To the one that I hurted:
I know a million thousand of "SORRY" can't express my apolpgy, for the Godsaken mistake I made, to hurt you the most, when you give so much hope on me, truly believe me and dependant on me; I did not stay by your sides, when you need me the most; I am the one who forget your birthday; I neglect you because I'm preoccupied with my stuff; and lastly, I don't even know how to tell you "I'm sorry to hurt you, my lovely friend." How could I just walked away from your life so easily and hurted you so bad. Although you said you already forgive me, but, I never say "sorry" to you face by face.
To the one that I loved:
Thank you, for being so supportive and give me your care and your love, although I start to forget to say "Thank you". You never grumble when I request help from you.
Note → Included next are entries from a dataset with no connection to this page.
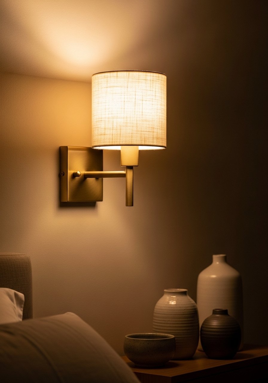 I replaced an oversized lamp with a pair of minimal brass sconces. The light is softer and the bedside table finally breathes.
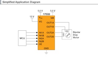 The NXP® MPC17533 is a monolithic dual H-Bridge IC that is ideal in portable electronic applications for controlling stepper or Brush DC-motors, such as camera lens shutters and optical disk drives.
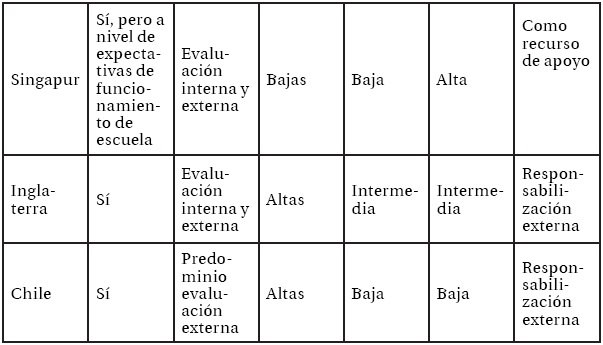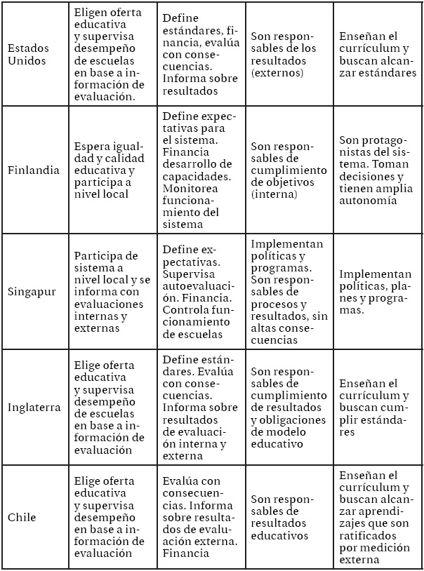 En relación con la información que genera el sistema, tanto para la rendición de cuentas, como para la responsabilización de los actores educativos, sí se observan perfiles más claros y diferenciados entre los casos. Mientras Colombia y Finlandia relevan el valor de la evaluación interna, en el otro extremo hay países que sostienen su accountability desde la evaluación externa. Esto ocurre con los casos estadounidense y chileno. Finalmente, al medio de estos dos grupos se ubican Singapur, Inglaterra y Ontario, que combinan ambos recursos de información en la generación de la evaluación que realizan sobre las escuelas. Estos tres casos utilizan información levantada centralmente e incluyen de manera institucionalizada la información provista por el nivel local en el proceso de accountability.
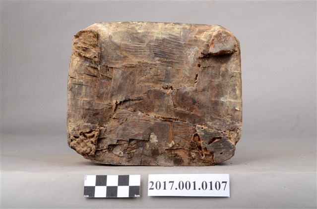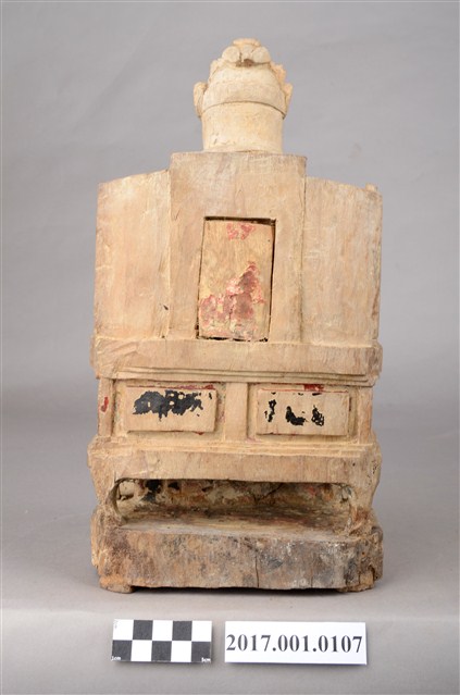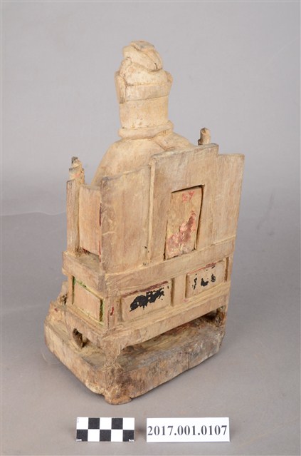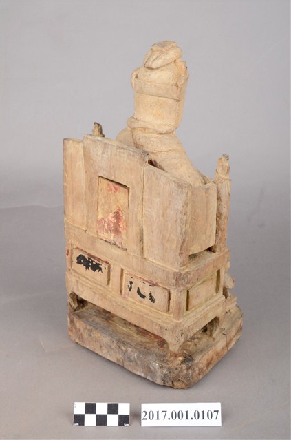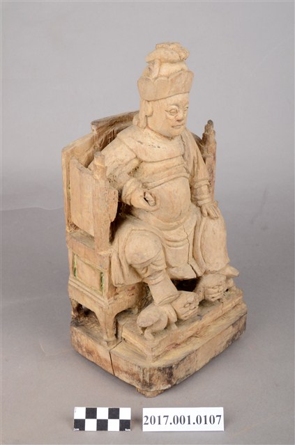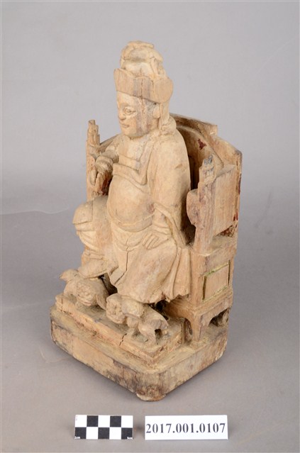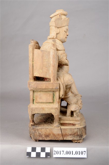 1.本件木雕王爺像採坐姿,端坐圈背椅上,粧佛已除去,神像背後有方形入神洞,封榫尚存。王爺作年輕男子相貌,無鬚,臉頰豐腴有肉,高鼻大眼。頭戴兜鏊,身穿甲袍,腰束腰帶,胸前有看帶,腳穿皂靴,足踏獸座。左手手掌朝前扶於左膝,右手持物,持物模糊不清,左腳微向左伸,右腳內縮,作文武腳姿態,座前置踏几。臺座作四足矮方臺。
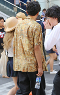 男性に古着と思われる柄シャツが増えている。こちらはアメリカ西...
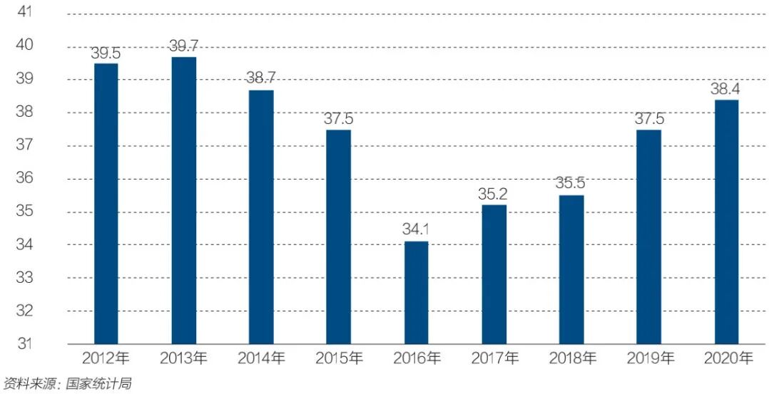 图7:2013年-2020年原煤产量(单位:亿吨)
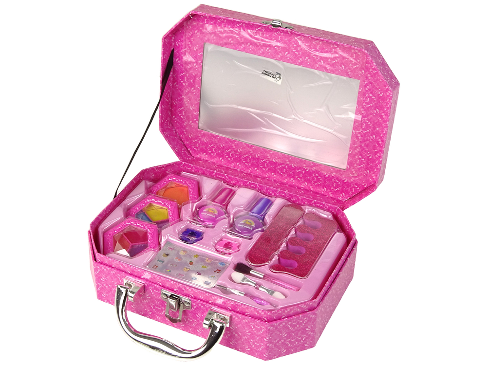 Pomarańczowy cień do powiek oraz sześć kolorów błyszczyku do ust pozwolą Ci stworzyć piękne makijaże, które podkreślą Twoją urodę. W zestawie znajdziesz również 3 pędzelki umożliwiające aplikację makijażu. W walizce znajduje się także wmontowane lustro, które ułatwi Ci malowanie i stylizację.
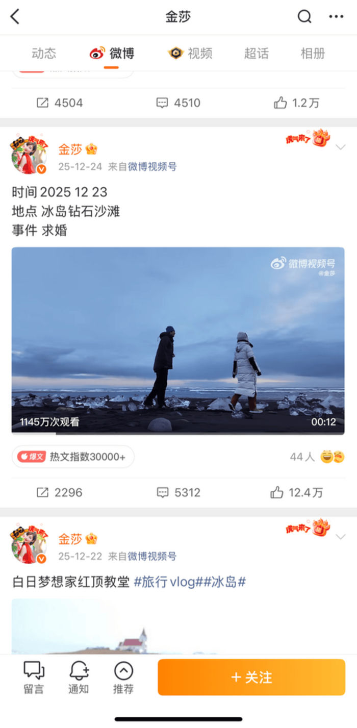 4月7日中午,金莎在微博晒出两人节目海报,并写下:“突然想起,上回在冰岛的钻石沙滩上你红红的眼睛、赤诚的眼神……”孙丞潇则写下:“落雪映佳人,眉目皆温柔,愿与你共至白头,只剩浪漫。”答案似乎已呼之欲出,有网友就留言表示:“期待你们的浪漫旅行”。
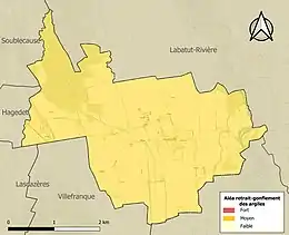 Le retrait-gonflement des sols argileux est susceptible d'engendrer des dommages importants aux bâtiments en cas d’alternance de périodes de sécheresse et de pluie. La totalité de la commune est en aléa moyen ou fort (44,5 % au niveau départemental et 48,5 % au niveau national). Sur les 62 bâtiments dénombrés sur la commune en 2019, 62 sont en aléa moyen ou fort, soit 100 %, à comparer aux 75 % au niveau départemental et 54 % au niveau national. Une cartographie de l'exposition du territoire national au retrait gonflement des sols argileux est disponible sur le site du BRGM[28],[Carte 3].

You never mad at me when I did something wrong while you will try to fix it for me. You just give me whatever you can to satisfy me, listen to me and calm me down while I'm mad. You never fail to touch my heart and wipe away my tears. I couldn't say "Thank you", because that is not enough, for a friend like you, taking care of me for so long and forgive me always.
My lovely friend, do email or sms me when you miss me, even if we could not meet each other. Because deep inside our heart we know that, we care for each other. Friendship forever!!
3 comments:
耍什么感性的……T.T
这不算感性,这只是对自己的朋友负者任。
如果连一句谢谢和对不起都不说,太不尊重朋友了
这是写给身在远方的老朋友,希望以后如果没有机会见面,就让我们之间的友谊藏在记忆的角落,有空时就重温一下我们的故事。